Rabu, 21 Juni 2017

MENGAMATI BUDAYA "RASA MALU DAN HORMAT"

40 HARI MENGASIHI BANGSA DALAM DOA -- SELASA, 30 MEI 2017

MENGAMATI BUDAYA "RASA MALU DAN HORMAT"

Saya dibesarkan di sebuah komunitas Muslim yang dikendalikan oleh budaya ”rasa malu dan hormat". Sebagai seorang anak, saya belajar bahwa saya harus menghindari perilaku yang bisa menyebabkan timbulnya gosip tentang saya oleh kaum wanita dalam masyarakat. Pada suatu hari, saya mendengar sekelompok "tante/bibi" berbicara tentang seorang kenalan yang telah diizinkan untuk belajar ke universitas, di mana ia telah memotong rambutnya dan menikah dengan seorang pria tanpa sepengetahuan orangtuanya. Dari tanggapan mereka, saya mengira pria itu pastilah seorang non-Muslim, tetapi percakapan itu berlanjut dengan menyatakan bahwa pria tersebut adalah seorang Muslim berkebangsaan Arab yang menyandang gelar di bidang hukum. Saya bingung dengan gosip ini dan rasa malu yang menimpa keluarga tersebut akibat gosip ini.

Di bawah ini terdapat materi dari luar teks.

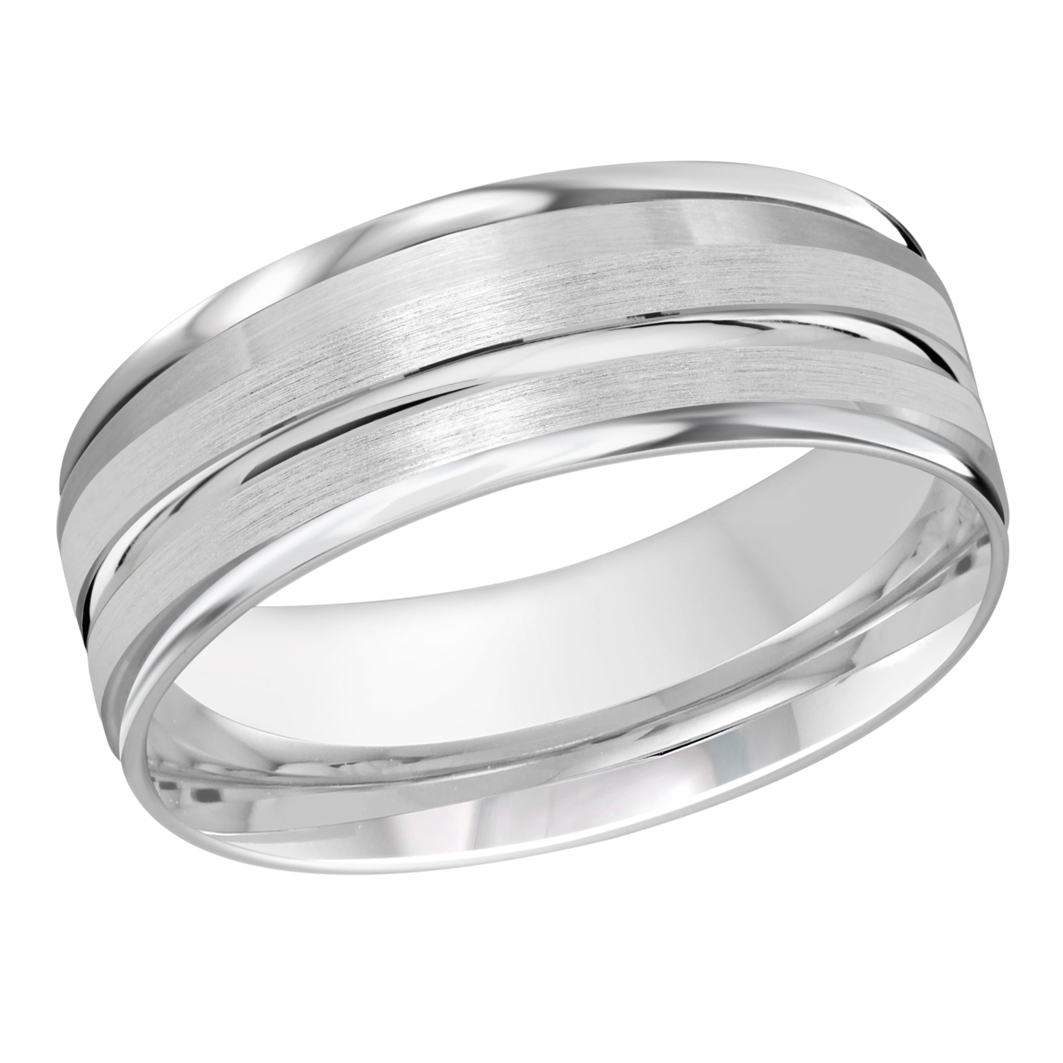 This 8mm white gold wedding ring with a stunning satin finish features a high polish groove along the center and at the edges.

Izzat (hormat) dan sharm (rasa malu) menjadi konsep yang lazim diketahui orang, bahkan dalam budaya-budaya yang tidak mempraktikkan konsep tersebut, karena liputan media atas kejahatan-kejahatan yang dilakukan demi menjaga kehormatan. Orang-orang Barat yang bekerja lintas budaya dengan orang-orang Muslim akan sering mendengar kata-kata ”hormat” dan ”cela” (”malu”), tetapi mereka tidak selalu mengerti sepenuhnya apa yang dimaksudkan dengan kedua kata tersebut. Rasa malu dan hormat merupakan cara yang diterapkan oleh kebanyakan masyarakat untuk mengendalikan perilaku anak-anak dan orang dewasa di dunia Muslim. Penerapan ”rasa malu” atau ”hormat” diputuskan oleh para pemimpin masyarakat suku atau agama yang mendorong orang untuk menyesuaikan diri dengan perilaku-perilaku yang diterima masyarakat.

Hal ini juga terjadi dalam budaya non-Muslim. Di negara-negara Barat, penerapan hukum membuat orang merasa bersalah dan pelaku kejahatan tertentu dikucilkan oleh komunitas mereka. Kami melakukan ini untuk melindungi diri terhadap dampak negatif pada masyarakat. Akan tetapi, pesan Yesus adalah bahwa Tuhan memiliki kekuatan dan keinginan untuk mengangkat kita semua dari posisi rendah ke tempat yang sangat terhormat (Matius 5:3). Ini adalah berita baik bagi mereka yang tinggal di lingkup masyarakat yang memberlakukan ”budaya rasa malu".

Mari kita berdoa:

- Dalam 1 Samuel 2:8, dikatakan bahwa, Tuhan membangkitkan orang yang hina dari dalam debu dan mengangkat orang yang miskin dari dalam lumpur, untuk mendudukkan dia bersama-sama para bangsawan, dan membuat dia memiliki kursi kehormatan. Berdoa agar terjadi penyataan/ilham tentang Kabar Baik ini dalam lingkup kebudayaan di tempat Kabar Baik ini tidak dikenal.

- Agar Tuhan menyingkapkan pengertian dalam pemahaman saudara tentang rasa malu dan kehormatan, dan bagaimana saudara dapat merefleksikan Tuhan yang berfirman: Sesungguhnya Aku meletakkan di Zion sebuah batu yang terpilih, sebuah batu penjuru yang mahal, dan siapa yang percaya kepada-Nya tidak akan dipermalukan. (1 Petrus 2:6).

- Bagi mereka yang ada di sekitar saudara yang sedang mencari keadilan bagi para korban kejahatan yang dilakukan demi menjaga kehormatan.